▸ THE TASK
Please reproduce the lines of the records below from the one holding "The feature explores" through the one holding "化湖广场上,成千上万人穿着绚", inclusive, skipping all pictures.

▸ AVAILABLE DATA
● ● ●

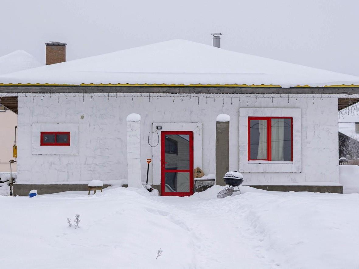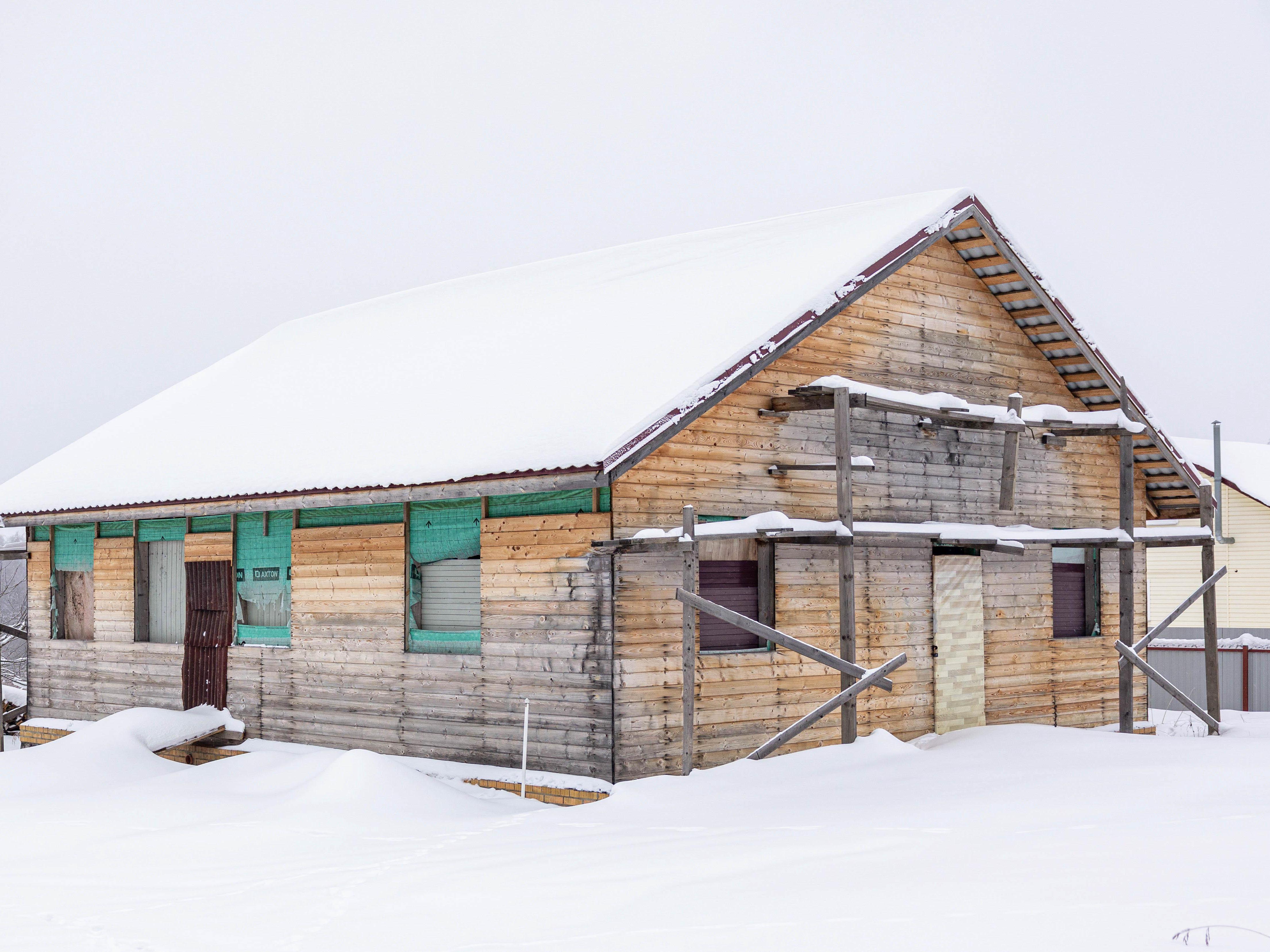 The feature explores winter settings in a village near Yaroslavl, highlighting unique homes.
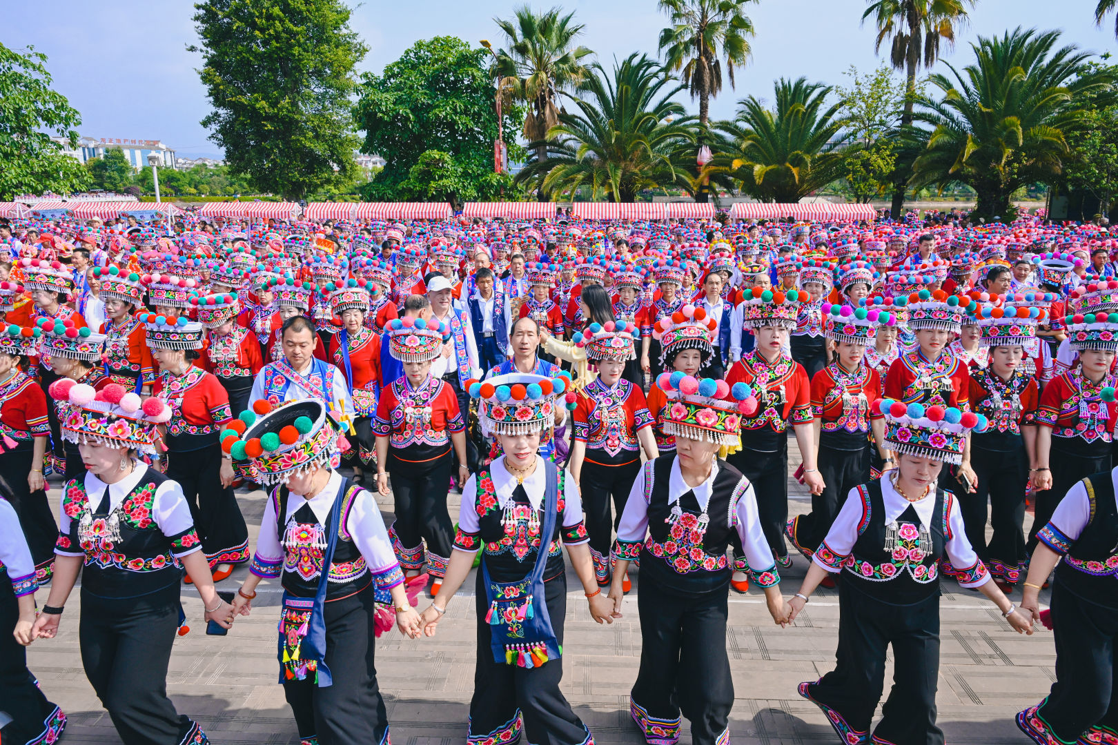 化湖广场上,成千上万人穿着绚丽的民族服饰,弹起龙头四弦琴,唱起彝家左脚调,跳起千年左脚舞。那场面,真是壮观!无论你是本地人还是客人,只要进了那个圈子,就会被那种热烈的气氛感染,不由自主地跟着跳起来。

● ● ●

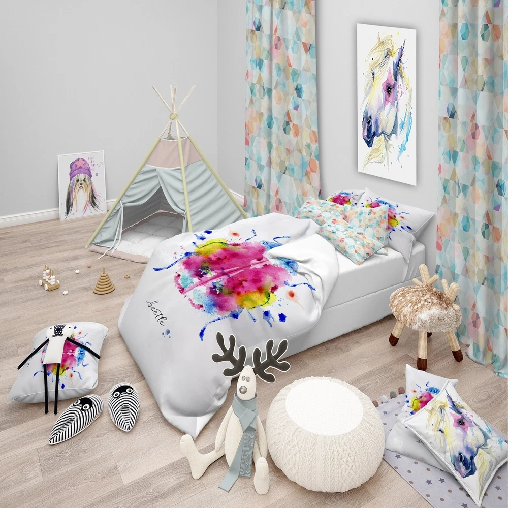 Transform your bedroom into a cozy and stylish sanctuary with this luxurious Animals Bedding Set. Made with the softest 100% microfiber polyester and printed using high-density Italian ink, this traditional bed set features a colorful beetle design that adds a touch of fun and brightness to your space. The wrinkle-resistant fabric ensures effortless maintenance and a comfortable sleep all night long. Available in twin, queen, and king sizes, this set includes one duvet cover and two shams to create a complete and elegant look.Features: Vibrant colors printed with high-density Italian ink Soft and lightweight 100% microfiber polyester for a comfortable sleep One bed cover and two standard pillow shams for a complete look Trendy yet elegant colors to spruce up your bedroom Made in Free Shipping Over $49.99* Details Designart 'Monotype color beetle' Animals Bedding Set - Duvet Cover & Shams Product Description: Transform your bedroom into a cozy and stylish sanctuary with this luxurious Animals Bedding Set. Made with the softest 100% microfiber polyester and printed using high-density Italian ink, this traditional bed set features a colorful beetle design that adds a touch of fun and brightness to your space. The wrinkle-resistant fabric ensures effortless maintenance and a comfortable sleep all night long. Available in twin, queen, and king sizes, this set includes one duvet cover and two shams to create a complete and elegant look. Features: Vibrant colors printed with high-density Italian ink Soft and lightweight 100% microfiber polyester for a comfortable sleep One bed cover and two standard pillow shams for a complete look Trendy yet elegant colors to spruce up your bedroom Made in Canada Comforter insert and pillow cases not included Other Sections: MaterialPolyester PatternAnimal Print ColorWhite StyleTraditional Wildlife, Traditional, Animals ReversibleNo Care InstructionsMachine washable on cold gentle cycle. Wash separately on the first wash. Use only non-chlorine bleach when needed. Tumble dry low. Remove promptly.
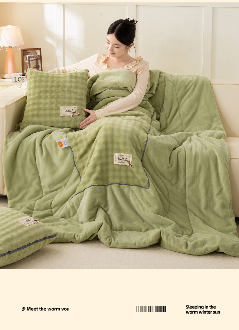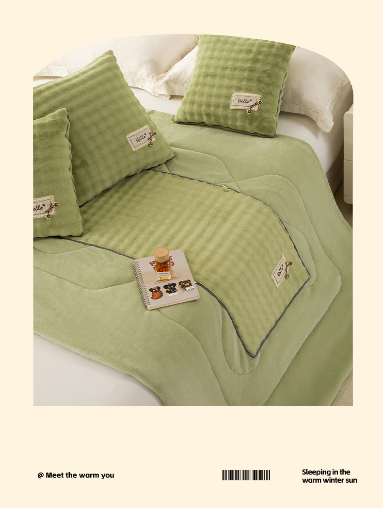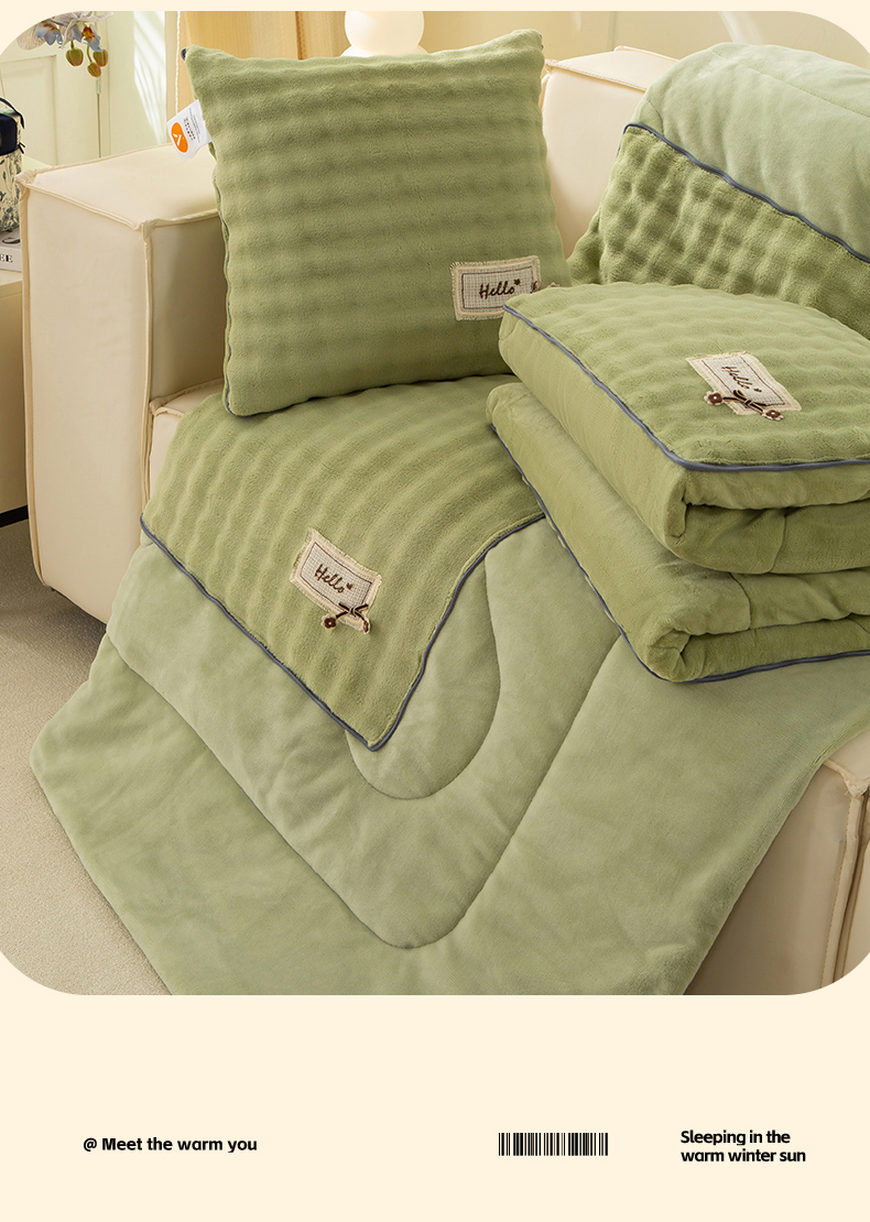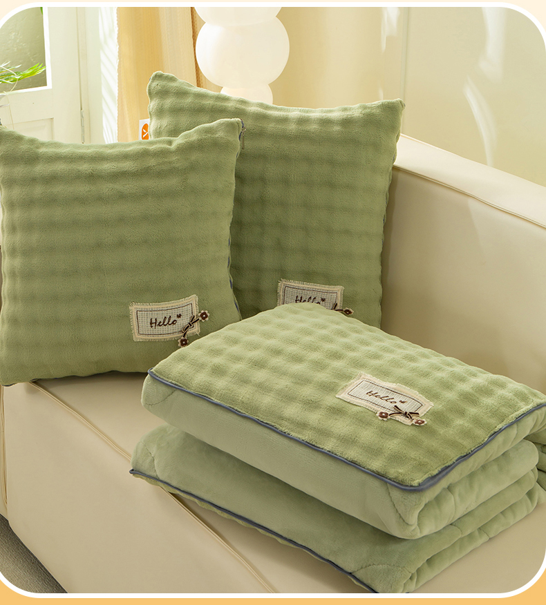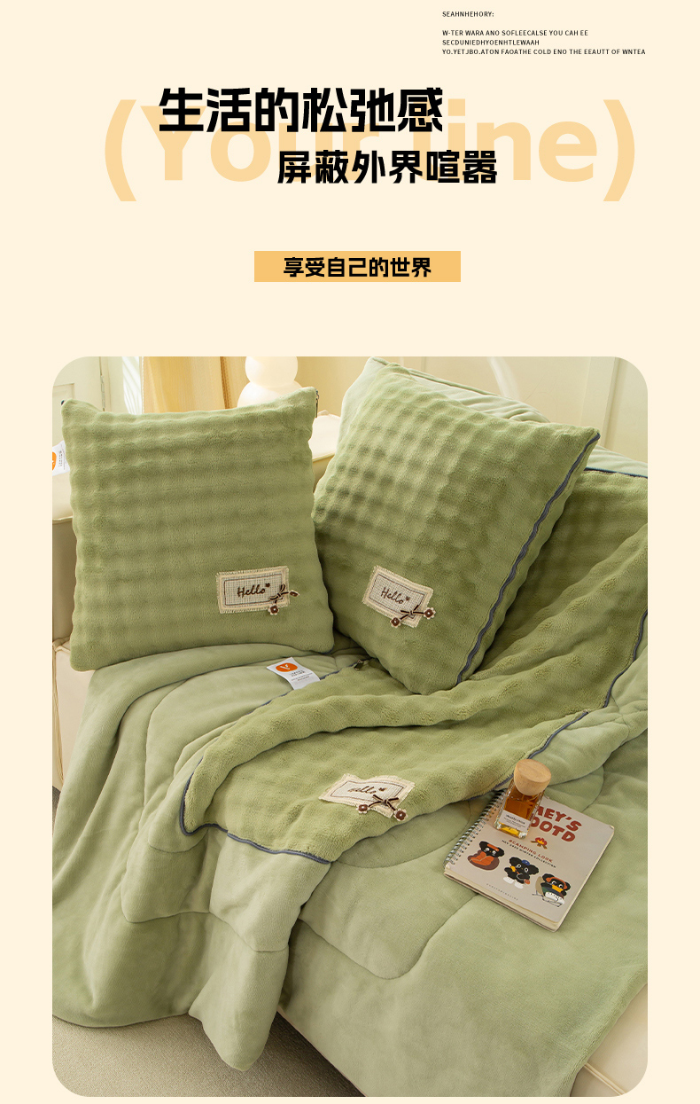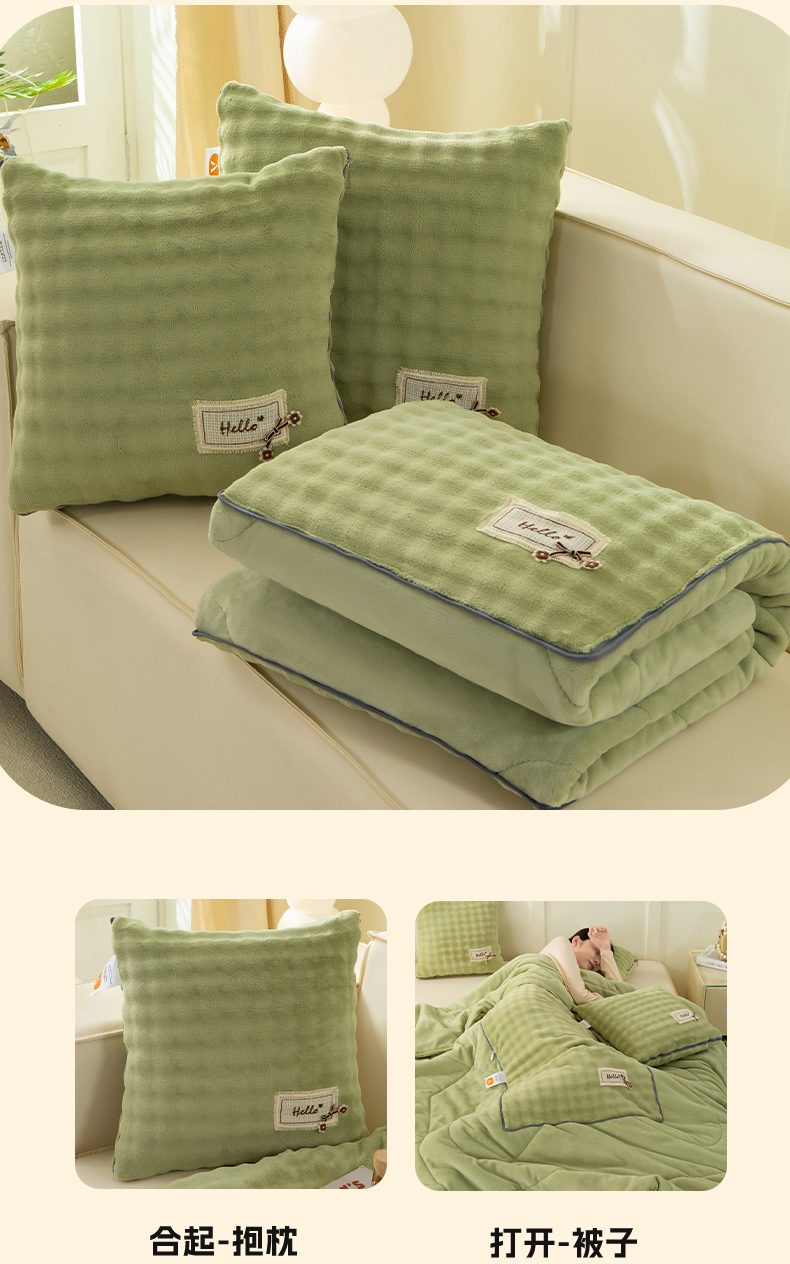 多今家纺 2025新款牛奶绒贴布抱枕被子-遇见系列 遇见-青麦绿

● ● ●

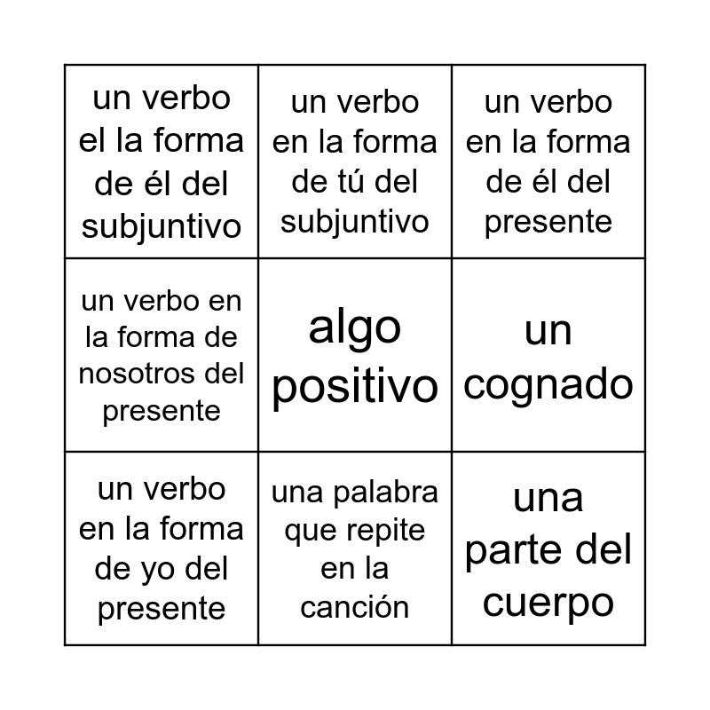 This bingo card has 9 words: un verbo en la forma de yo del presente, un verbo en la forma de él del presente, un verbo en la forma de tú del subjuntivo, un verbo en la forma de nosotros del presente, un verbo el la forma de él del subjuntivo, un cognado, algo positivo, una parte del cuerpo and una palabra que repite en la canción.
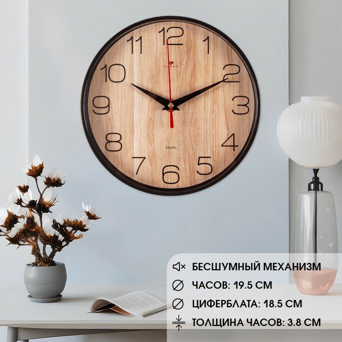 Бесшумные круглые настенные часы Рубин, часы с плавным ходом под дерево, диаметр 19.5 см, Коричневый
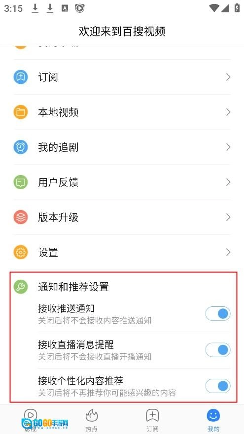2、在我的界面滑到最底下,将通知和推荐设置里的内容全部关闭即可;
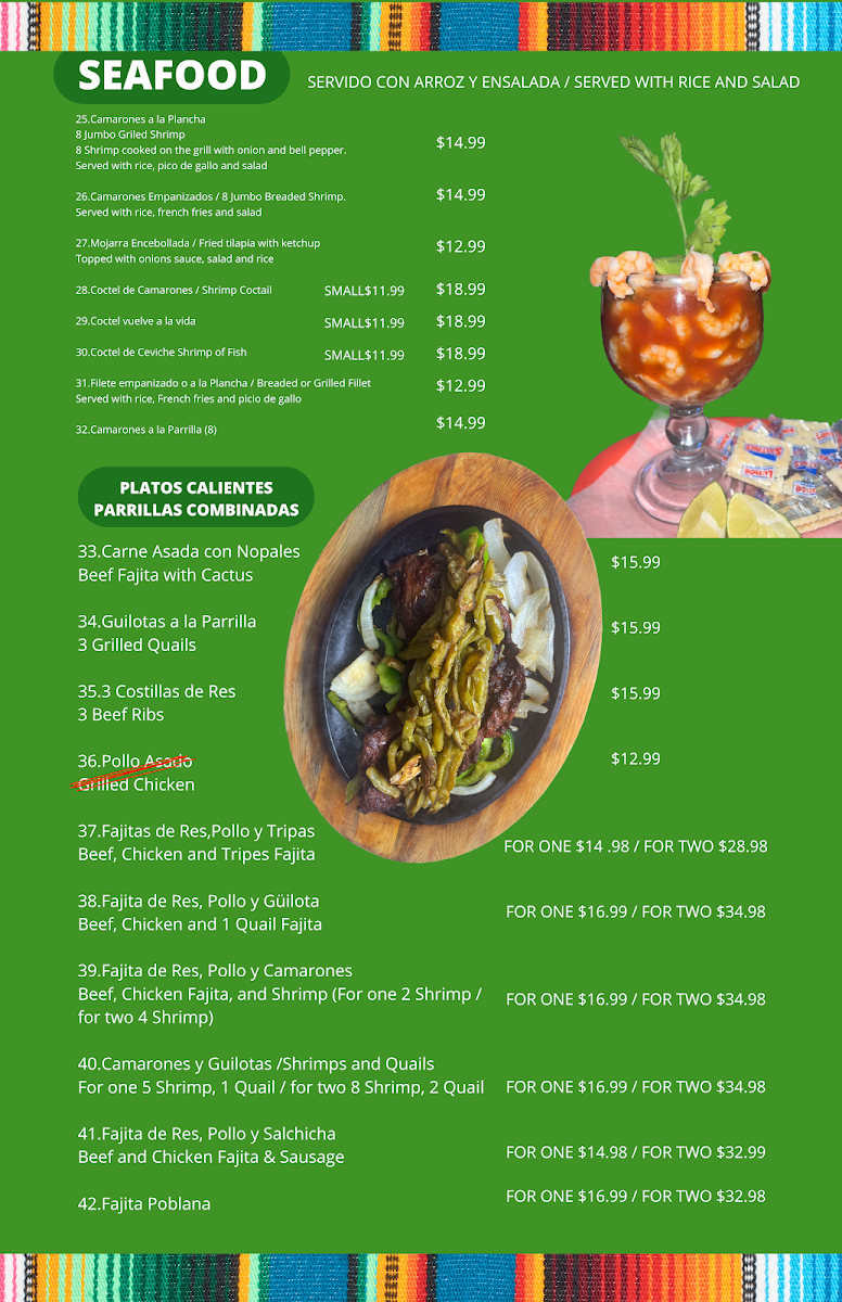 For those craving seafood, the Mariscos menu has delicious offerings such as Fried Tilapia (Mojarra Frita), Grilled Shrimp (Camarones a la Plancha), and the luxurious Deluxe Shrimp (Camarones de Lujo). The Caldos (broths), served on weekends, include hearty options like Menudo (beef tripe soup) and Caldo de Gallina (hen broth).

● ● ●

▸ EXERCISE OUTPUT
 The feature explores winter settings in a village near Yaroslavl, highlighting unique homes.
 化湖广场上,成千上万人穿着绚丽的民族服饰,弹起龙头四弦琴,唱起彝家左脚调,跳起千年左脚舞。那场面,真是壮观!无论你是本地人还是客人,只要进了那个圈子,就会被那种热烈的气氛感染,不由自主地跟着跳起来。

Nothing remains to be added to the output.